_Records provided_:
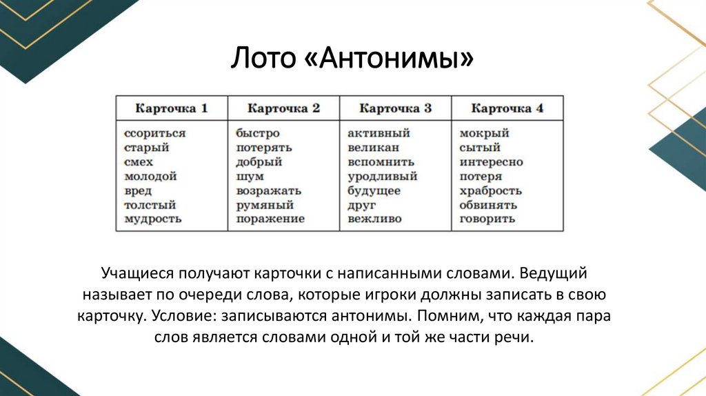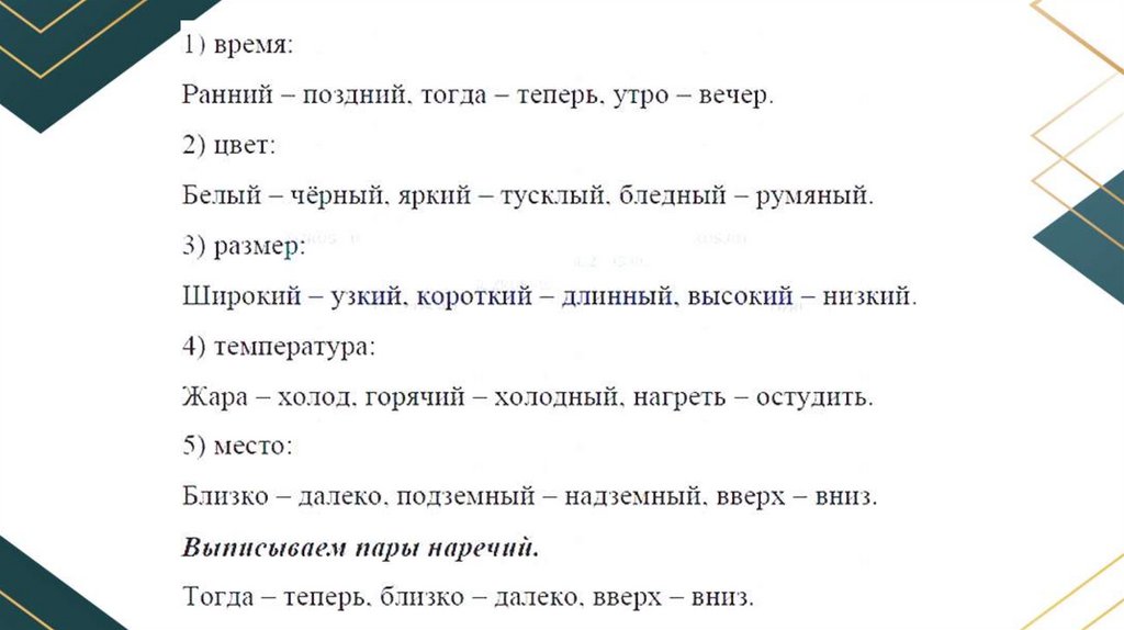 карточку. Условие: записываются антонимы. Помним, что каждая пара
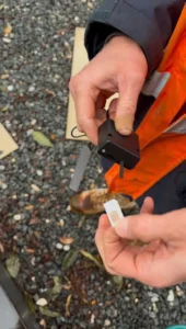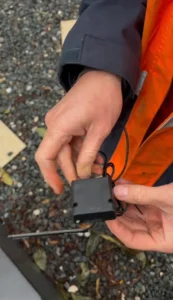 The technician showing the removed modem from my smart meter.
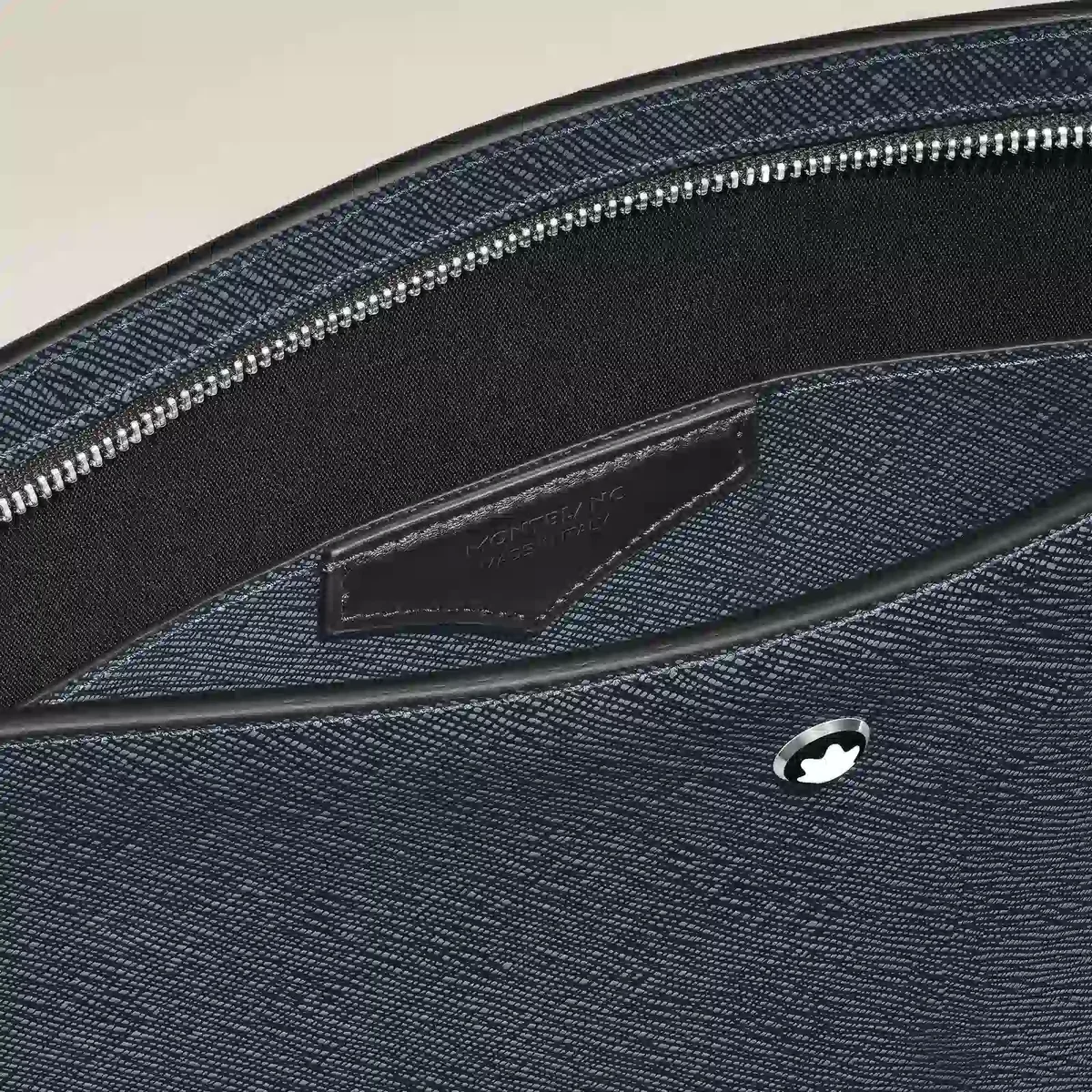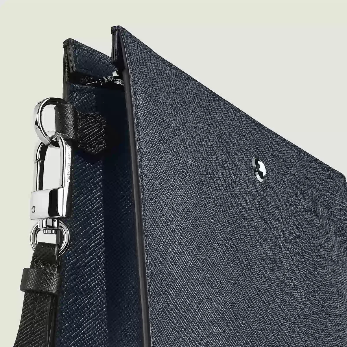 Bær dine daglige fornødenheder med stil med denne sofistikerede clutch. Den er fremstillet af præget Sartorial-læder i en raffineret tofarvet kombination af elegant blå og sort og har et rummeligt hovedrum med en ekstra åben lomme for ekstra bekvemmelighed. Den er alsidig og elegant og kan bæres i hånden, under armen eller om håndleddet med det aftagelige håndtag. Identifikationsnummer: MB220428 Mål: 240 mm * 45 mm * 200 mm
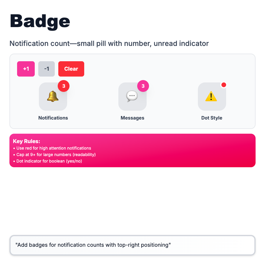 Use badges for status indicators (Draft, Published, Paid), notification counts (5 unread), version labels (Beta, Pro), or categories/tags (Bug, Feature). Keep text short (1-3 words). Use color to convey meaning (red=error, green=success, blue=info). Don't overuse—too many badges create visual noise.
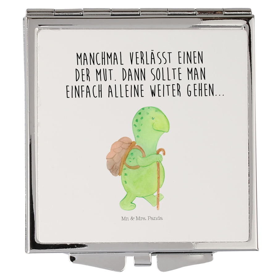 Handtaschenspiegel quadratisch Schildkröte Wanderer - mit Spruch - Weiß
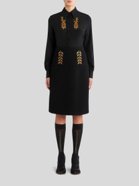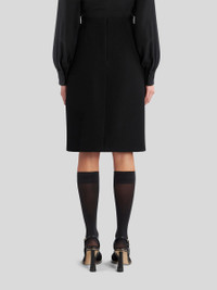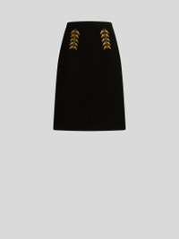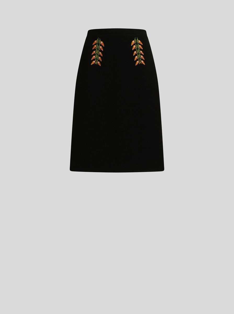 Knee-length structured mixed wool fabric sheath skirt decorated with multi-coloured foliage embroidery. PRODUCT DETAILS • 83% wool, 17% polyamide • Embroidery: 100% viscose • Interior: 52% viscose, 48% acetate • Slim fit • Rear hook and zip fastening • Made in Italy • The model is 178 cm/70 inches tall and wears size 40
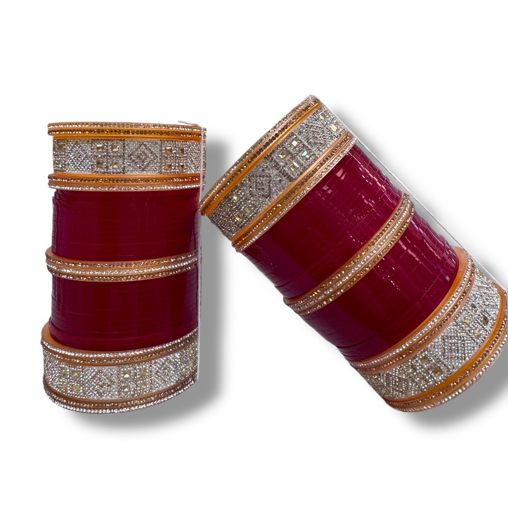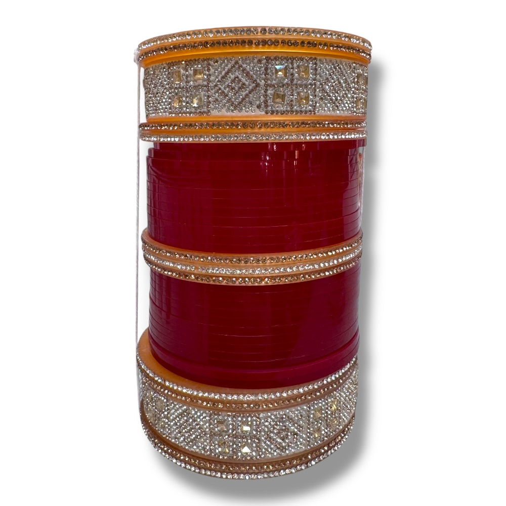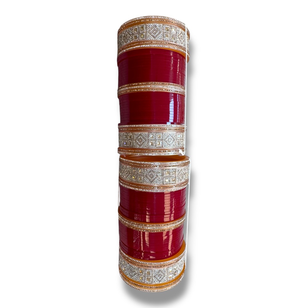 Traditional Suhaag Chura set for 2 hands in rich blood red color with elegant ivory look bangles. Includes 20 centre red bangles per arm. Made from high-quality resin (not plastic). Perfect for Punjabi, Sikh, Indian & Pakistani wedding ceremonies, mehndi, and shaadi functions.

_Activity_: Without any of the pictures, set the entries down again exactly as written.

_Answer space_:
 карточку. Условие: записываются антонимы. Помним, что каждая пара
 The technician showing the removed modem from my smart meter.
 Bær dine daglige fornødenheder med stil med denne sofistikerede clutch. Den er fremstillet af præget Sartorial-læder i en raffineret tofarvet kombination af elegant blå og sort og har et rummeligt hovedrum med en ekstra åben lomme for ekstra bekvemmelighed. Den er alsidig og elegant og kan bæres i hånden, under armen eller om håndleddet med det aftagelige håndtag. Identifikationsnummer: MB220428 Mål: 240 mm * 45 mm * 200 mm
 Use badges for status indicators (Draft, Published, Paid), notification counts (5 unread), version labels (Beta, Pro), or categories/tags (Bug, Feature). Keep text short (1-3 words). Use color to convey meaning (red=error, green=success, blue=info). Don't overuse—too many badges create visual noise.
 Handtaschenspiegel quadratisch Schildkröte Wanderer - mit Spruch - Weiß
 Knee-length structured mixed wool fabric sheath skirt decorated with multi-coloured foliage embroidery. PRODUCT DETAILS • 83% wool, 17% polyamide • Embroidery: 100% viscose • Interior: 52% viscose, 48% acetate • Slim fit • Rear hook and zip fastening • Made in Italy • The model is 178 cm/70 inches tall and wears size 40
 Traditional Suhaag Chura set for 2 hands in rich blood red color with elegant ivory look bangles. Includes 20 centre red bangles per arm. Made from high-quality resin (not plastic). Perfect for Punjabi, Sikh, Indian & Pakistani wedding ceremonies, mehndi, and shaadi functions.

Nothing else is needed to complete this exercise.